* [WHAT IS EXPECTED] Each line of the records is to be returned verbatim, with the images omitted.

* [INPUT DATA]
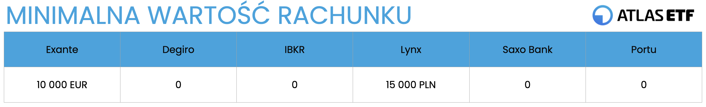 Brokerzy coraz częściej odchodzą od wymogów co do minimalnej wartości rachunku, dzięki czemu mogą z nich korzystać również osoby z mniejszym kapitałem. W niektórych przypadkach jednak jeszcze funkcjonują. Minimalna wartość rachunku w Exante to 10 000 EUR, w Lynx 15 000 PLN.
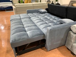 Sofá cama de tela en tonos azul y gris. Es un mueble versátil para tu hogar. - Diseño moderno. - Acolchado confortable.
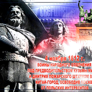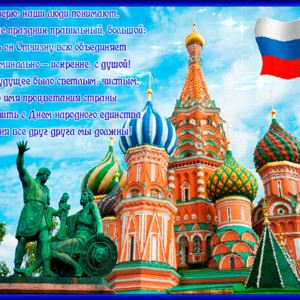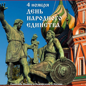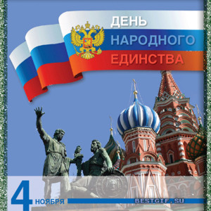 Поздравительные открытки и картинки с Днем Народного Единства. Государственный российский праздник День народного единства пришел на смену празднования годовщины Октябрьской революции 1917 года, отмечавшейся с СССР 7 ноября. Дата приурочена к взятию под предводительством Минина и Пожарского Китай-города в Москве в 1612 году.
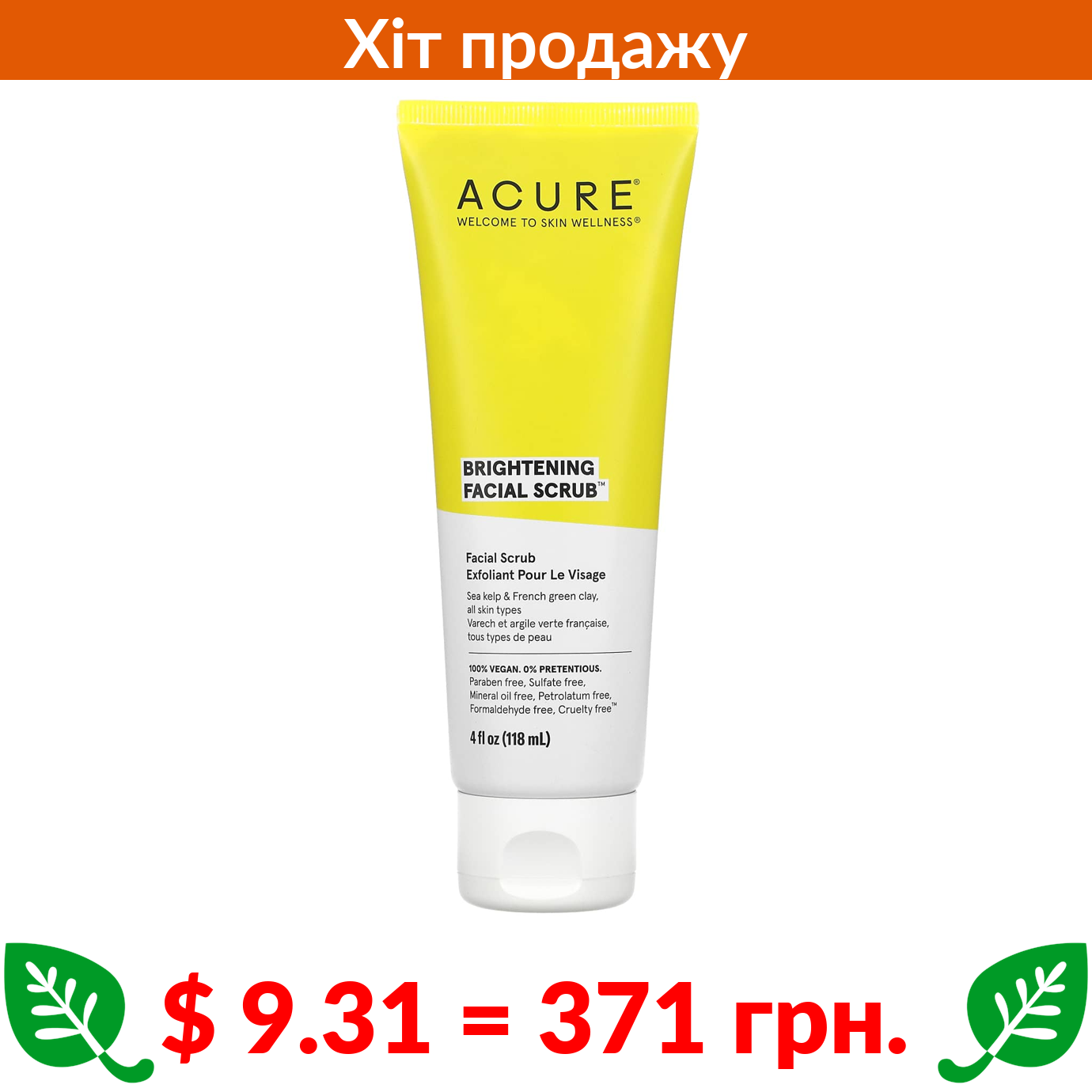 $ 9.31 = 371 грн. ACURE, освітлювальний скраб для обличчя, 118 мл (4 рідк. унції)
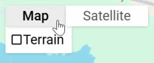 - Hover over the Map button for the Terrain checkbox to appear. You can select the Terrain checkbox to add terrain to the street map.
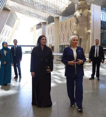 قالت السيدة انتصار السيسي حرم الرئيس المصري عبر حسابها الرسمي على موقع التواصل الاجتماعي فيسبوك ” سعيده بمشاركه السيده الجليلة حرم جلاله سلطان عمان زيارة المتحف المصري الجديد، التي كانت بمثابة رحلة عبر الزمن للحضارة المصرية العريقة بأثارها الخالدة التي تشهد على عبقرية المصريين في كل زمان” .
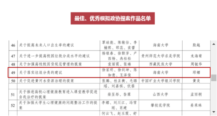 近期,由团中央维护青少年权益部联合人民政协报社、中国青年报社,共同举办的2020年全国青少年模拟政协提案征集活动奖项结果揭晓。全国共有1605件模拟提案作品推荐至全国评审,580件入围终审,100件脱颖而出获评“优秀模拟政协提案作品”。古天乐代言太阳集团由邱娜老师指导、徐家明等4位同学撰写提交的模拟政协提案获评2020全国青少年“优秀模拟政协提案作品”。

* [PROBLEM SOLUTION]
 Brokerzy coraz częściej odchodzą od wymogów co do minimalnej wartości rachunku, dzięki czemu mogą z nich korzystać również osoby z mniejszym kapitałem. W niektórych przypadkach jednak jeszcze funkcjonują. Minimalna wartość rachunku w Exante to 10 000 EUR, w Lynx 15 000 PLN.
 Sofá cama de tela en tonos azul y gris. Es un mueble versátil para tu hogar. - Diseño moderno. - Acolchado confortable.
 Поздравительные открытки и картинки с Днем Народного Единства. Государственный российский праздник День народного единства пришел на смену празднования годовщины Октябрьской революции 1917 года, отмечавшейся с СССР 7 ноября. Дата приурочена к взятию под предводительством Минина и Пожарского Китай-города в Москве в 1612 году.
 $ 9.31 = 371 грн. ACURE, освітлювальний скраб для обличчя, 118 мл (4 рідк. унції)
 - Hover over the Map button for the Terrain checkbox to appear. You can select the Terrain checkbox to add terrain to the street map.
 قالت السيدة انتصار السيسي حرم الرئيس المصري عبر حسابها الرسمي على موقع التواصل الاجتماعي فيسبوك ” سعيده بمشاركه السيده الجليلة حرم جلاله سلطان عمان زيارة المتحف المصري الجديد، التي كانت بمثابة رحلة عبر الزمن للحضارة المصرية العريقة بأثارها الخالدة التي تشهد على عبقرية المصريين في كل زمان” .
 近期,由团中央维护青少年权益部联合人民政协报社、中国青年报社,共同举办的2020年全国青少年模拟政协提案征集活动奖项结果揭晓。全国共有1605件模拟提案作品推荐至全国评审,580件入围终审,100件脱颖而出获评“优秀模拟政协提案作品”。古天乐代言太阳集团由邱娜老师指导、徐家明等4位同学撰写提交的模拟政协提案获评2020全国青少年“优秀模拟政协提案作品”。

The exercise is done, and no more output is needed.